Usage

The Usage view shows resource consumption for your organization — LLM tokens, compute hours, storage, and platform activity (threads created, messages sent). It is read-only and reflects the state at page load.

Open Usage

Console → Activity → Usage (/organizations/<org>/activity/usage).

The view is a single scrollable page with four sections — LLM, Compute, Storage, Platform — and a time range selector at the top.

Time range

RangeBucket size
Last 24h5-minute buckets
Last 7d1-hour buckets
Last 30d6-hour buckets
CustomBucket auto-picked to keep charts legible

Usage is not live — to refresh, change the time range or reload the page.

LLM

The most-watched section.

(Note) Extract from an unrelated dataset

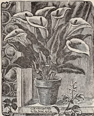
LITTLE GEM CALLA.

SPOTTED LEAF CALLA —The flowers are pure white with a dark throat. Its dark, rich, green foliage is marked and dotted with light spots, making it a highly ornamental plant, even when not in bloom. A very valuable decorative plant either grown out in the garden in summer or in pots. 15c. each. 2 for 25c.

Summary cards:

  • Input tokens — sum of prompt tokens across all LLM calls.
  • Cached tokens<cached> of <input>. Provider-side prompt cache reuse, when supported by the model.
  • Output tokens — what the model generated.
  • Successful requests / Failed requests — counts.

Charts:

  • Tokens over time — stacked bars: cached + fresh input vs. output, per bucket.
  • Top consumers — horizontal bars by consuming identity (which agent or user drove the calls).
  • By model — horizontal bars by model.

Cache efficiency is a leading indicator of cost — high cached-token ratios mean you are not paying full price for the prompt every call.

Compute

CPU and RAM consumed by agent workloads, in core-hours and GB-hours.

  • Summary cards — CPU-core-hours, RAM-GB-hours over the selected range.
  • Usage over time — bars showing CPU and RAM per bucket.
  • Top agents — horizontal bars by agent.

Compute is allocation-based, not actual utilization. The platform records what each workload reserved, not what it actually used. This is the durable signal — it does not depend on metrics scraping inside the workload.

Storage

Persistent volume storage in GB-hours.

  • Summary card — Storage-GB-hours.
  • Usage over time — bar per bucket.
  • Top agents — horizontal bars by agent.

Like compute, storage is allocation-based — the size of the provisioned PVC times its lifetime.

Platform activity

Threads and messages — the lightest section, useful for capacity planning.

  • Summary cards — Threads created, Messages sent.
  • Activity over time — side-by-side bars.

What's missing

The Usage view focuses on aggregates. For per-run inspection, use the Run Timeline. For provider-side billing, use your provider's invoice — the platform's token counts are accurate but the dollar figures depend on your provider's pricing.

Cluster admins

Cluster admins see one Usage view per organization (Console → org → Usage). There is no cross-org aggregate in the Console; query the Metering service directly for that.